Ed presents the following data structure for square evaluation:
+------+------+------+------+------+------+------+------+
| BIT0 | BIT1 | BIT2 | BIT3 | BIT4 | BIT5 | BIT6 | BIT7 |
+------+------+------+------+------+------+------+------+
|      Number of     | PAWN |KNIGHT| ROOK | QUEEN| KING |
|      ATTACKERS     |      |BISHOP|      |      |      |
+------+------+------+------+------+------+------+------+

After all white pieces are done square F3 from WB looks as follows:
+------+------+------+------+------+------+------+------+  B0-B2 : 2 attackers
| BIT0 | BIT1 | BIT2 | BIT3 | BIT4 | BIT5 | BIT6 | BIT7 |
+------+------+------+------+------+------+------+------+  B3    : white pawn
|      Number of     | PAWN |KNIGHT| ROOK | QUEEN| KING |
|      ATTACKERS     |      |BISHOP|      |      |      |  B4    : white
knight/bishop
+------+------+------+------+------+------+------+------+
|  0   |   1  |  0   |  1   |  1   |  0   |  0   |  0   |
+------+------+------+------+------+------+------+------+
So evaluation is done for each square for black and for white. His example show
the square f3 for white attacked by a pawn from f3 and a knight from g1.
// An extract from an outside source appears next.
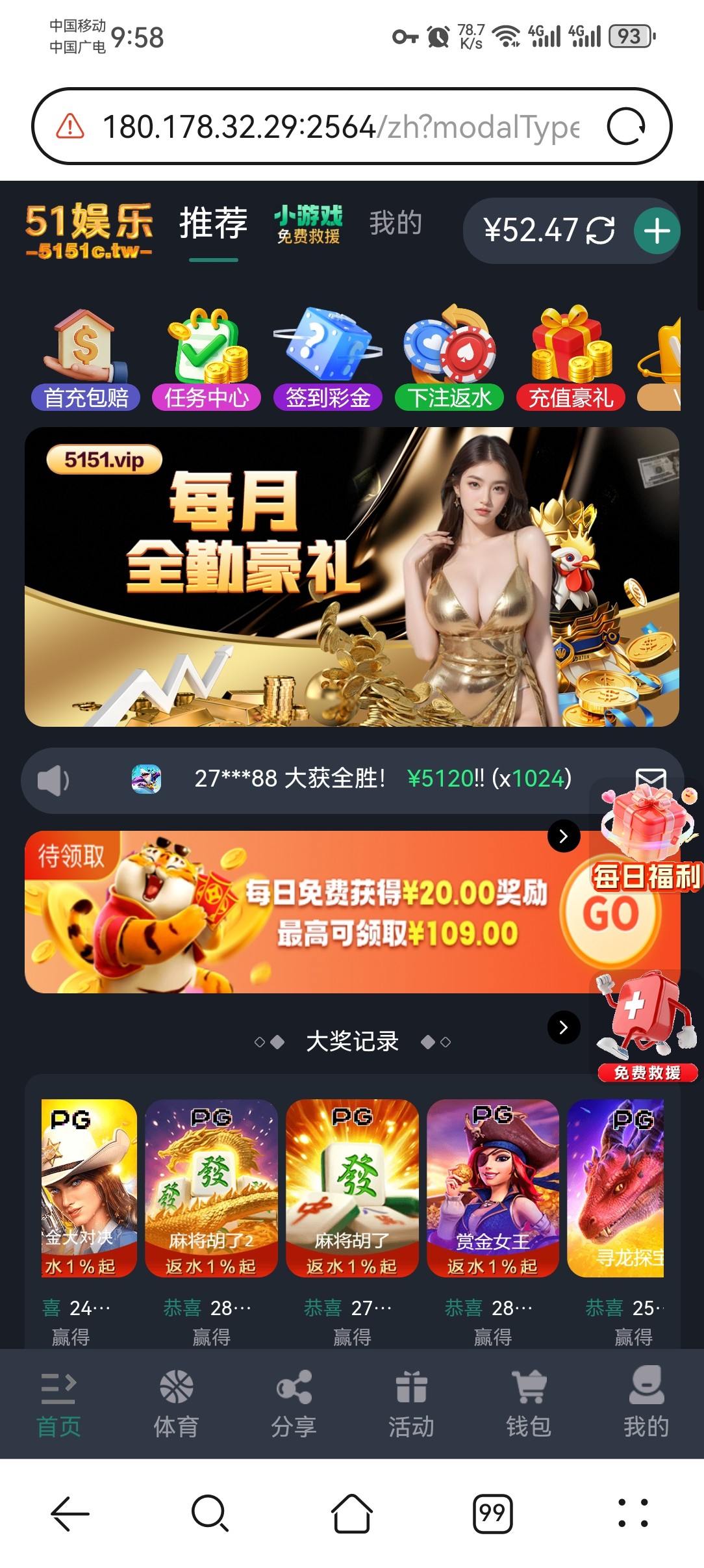 点:注册下载 就能打开网站,自己斟酌撸款白嫖,我打了20几个号,出了一个1200一个600,清除浏览器数据换ip重新撸,点签到宝箱没提示“ip已签到”就能继续干,还有出款不要出同名,找朋友拿支付下
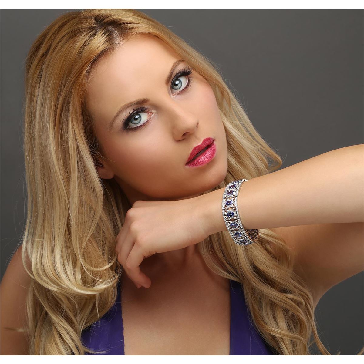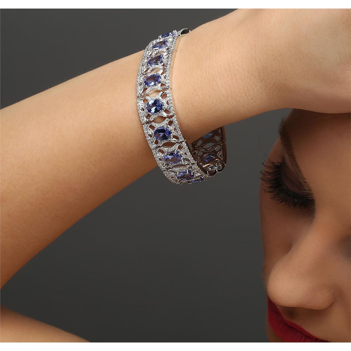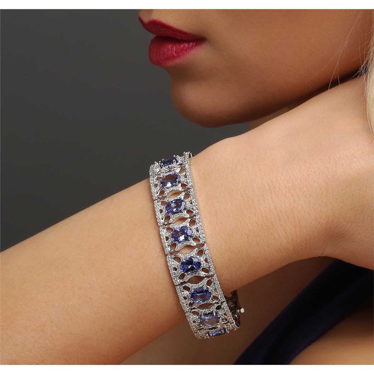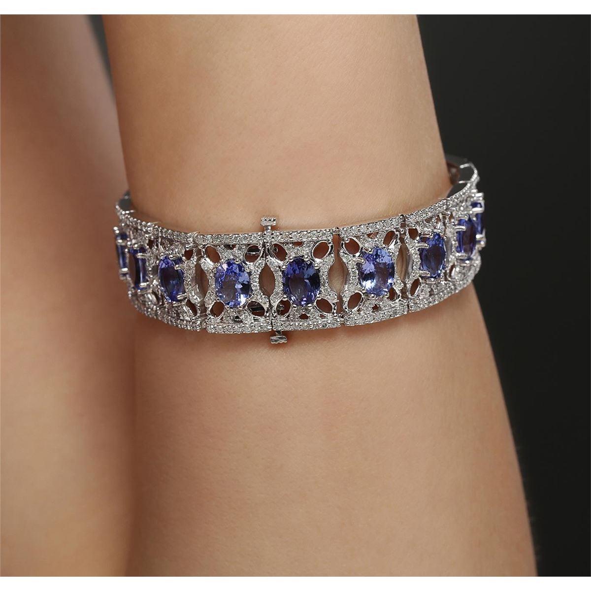 One electronically tested 14KT white gold ladies cast tanzanite and diamond bracelet with a hidden box clasp with a bright polish finish. Measurements: 7.25" in length Condition is new. Containing: Sixteen prong set oval modified brilliant cut natural tanzanites, measuring 8.00 x 6.00 x 3.90mm, approximate total weight of 21.12ct., clarity is eye clean, type I, medium light, very slightly grayish, violet color, (GIA V 4/3), cut is good. Five Hundred Forty-Four prong set round brilliant cut diamonds, measuring 1.20 - 1.20 x 0.72mm (depth est.) approximate total weight of 544 Stones = 3.43ct. Clarity: I-1 to I-2. Color: I - J, Cut is Good. Colored gemstones are presumed to have been subjected to commonly used enhancement processes. All diamonds and colored gemstones are graded in the mounting, unless otherwise stated. Total Weight of Colored Stones 21.12ct. Total Weight of Diamonds 3.43ct. Total Weight of Bracelet 36.50 grams. GGL Appraised at $16,780.00.

This example is clear but I think gets ambiguous when three pieces attack a
square and two of them are of the same type eg. two rooks and a knight. How can
one see that it's not two knights and one rook.
And the other thing is only going through the movelist isn't the whole story.
What if doubled rooks are the attackers? Only the first one will appear in the
movelist.
Does anybody know how this is solved. What did I miss?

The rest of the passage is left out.